As I’ve spent a whole afternoon on the contemplation of what’s to come, the day is lost and nothing got done. It´s time to pick up the baby from the day-care. I wonder if at least little Lilly had a good day- full with joy and play.
Her days at the daycare are a complete contrast to my everyday’s sufferings. She knows not that her father is missing- somewhere lost in the middle of a long lasting and unreasonable war. She misses him; I can feel it in her cries. But she is too little to understand the implications of his long disappearance.
After spending my day trying to hear from him, from his officers, from the government, from the news, I once again lose hope that I shall see him return to his daughter in one peace. Why did he have to go and prove himself and participate on this War. Did he realize that Wars are not for men and women but for monsters of power who only desire for more? No, he did not. He was never a man to rationalize his own actions. He would never question what was said from above. But sometimes we must, because just like us, those above are just people, with hopes and desires. And power do not make this desires be the right ones, it simply makes them victorious.

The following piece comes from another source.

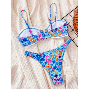 Elevate your beach look with this chic U-neck bikini set, featuring a charming floral print and an appealing wrinkled design. Perfect for those sun-soaked days, this two-piece is both fashionable and comfortable, allowing you to make a splash in style.

It was the desire of (some) men that created this gender inequality, racism, prejudice of class and all its other forms. It was desire of some men that made this war - this third war- that will not only take my daughter´s father but probably decimate us all.
As my mind once again turns to the War that has left me in my sudden empty and sorrow state, I reach my destination. My daughter finds my arms. Children laugh all around me. Parents mirror my thoughts, but they also mirror the smile they can see in their children’s eyes.
They are not safe from War, as we are not, and they are too young to live without us. Yet, it still in my daughter’s eyes that I find my own redemption. It is through her giggles that I can imagine an ending to the dark sky that surrounds me.